= Antipodal point =

Pair of diametrically opposite points on a circle, sphere, or hypersphere

The two points P and P (red) are antipodal because they are ends of a diameter PP, a segment of the axis a (purple) passing through the sphere's center O (black). P and P are the poles of a great circle g (green) whose points are equidistant from each (with a central right angle). Any great circle s (blue) passing through the poles is secondary to g.

In mathematics, two points of a sphere (or n-sphere, including a circle) are called antipodal or diametrically opposite if they are the endpoints of a diameter, a straight line segment between two points on a sphere and passing through its center.

Given any point on a sphere, its antipodal point is the unique point at greatest distance, whether measured intrinsically (great-circle distance on the surface of the sphere) or extrinsically (chordal distance through the sphere's interior). Every great circle on a sphere passing through a point also passes through its antipodal point, and there are infinitely many great circles passing through a pair of antipodal points (unlike the situation for any non-antipodal pair of points, which have a unique great circle passing through both). Many results in spherical geometry depend on choosing non-antipodal points, and degenerate if antipodal points are allowed; for example, a spherical triangle degenerates to an underspecified lune if two of the vertices are antipodal.

The point antipodal to a given point is called its antipodes, from the Greek ἀντίποδες (antípodes) meaning "opposite feet"; see Antipodes § Etymology. Sometimes the s is dropped, and this is rendered antipode, a back-formation.

== Higher mathematics ==
The concept of antipodal points is generalized to spheres of any dimension: two points on the sphere are antipodal if they are opposite through the centre. Each line through the centre intersects the sphere in two points, one for each ray emanating from the centre, and these two points are antipodal.

The Borsuk–Ulam theorem is a result from algebraic topology dealing with such pairs of points. It says that any continuous function from $S^n$ to $\R^n$ maps some pair of antipodal points in $S^n$ to the same point in $\R^n.$ Here, $S^n$ denotes the $n$-dimensional sphere and $\R^n$ is $n$-dimensional real coordinate space.
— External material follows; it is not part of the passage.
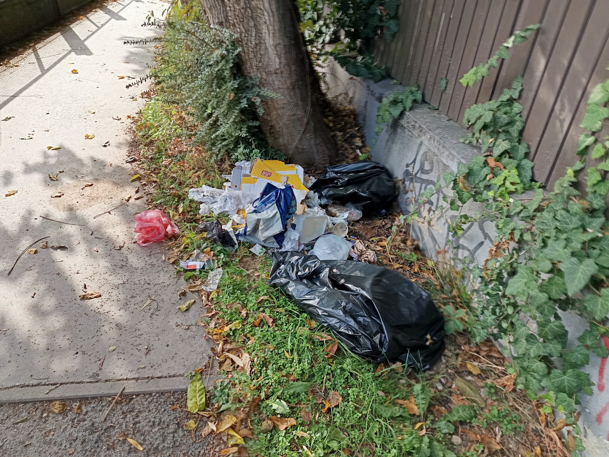 A korábbi (legutóbbi) Aquincumi hév-megálló végében - úgy tűnik - rendszeresen tesznek ki hulladékot, többnyire a hév kerítésén belülre, többnyire inkább komposztálható dolgokat. Nem elég ügyesen válogat a szemetelő, mert patkányt is láttam már itt, és nejlonba csomagolt szemetet is. Most viszont valaki a kommunális szemeteszsákját hozta ide és ejtette el, a járda ellentétes oldalán. Cigarettacsikkek tömkelege (veszélyes hulladék) is van benne.

The antipodal map $A : S^n \to S^n$ sends every point on the sphere to its antipodal point. If points on the $n$-sphere are represented as displacement vectors from the sphere's center in Euclidean $(n+1)$-space, then two antipodal points are represented by additive inverses $\mathbf{v}$ and $-\mathbf{v},$ and the antipodal map can be defined as $A(\mathbf{x}) = -\mathbf{x}.$ The antipodal map preserves orientation (is homotopic to the identity map) when $n$ is odd, and reverses it when $n$ is even. Its degree is $(-1)^{n+1}.$

If antipodal points are identified (considered equivalent), the sphere becomes a model of real projective space.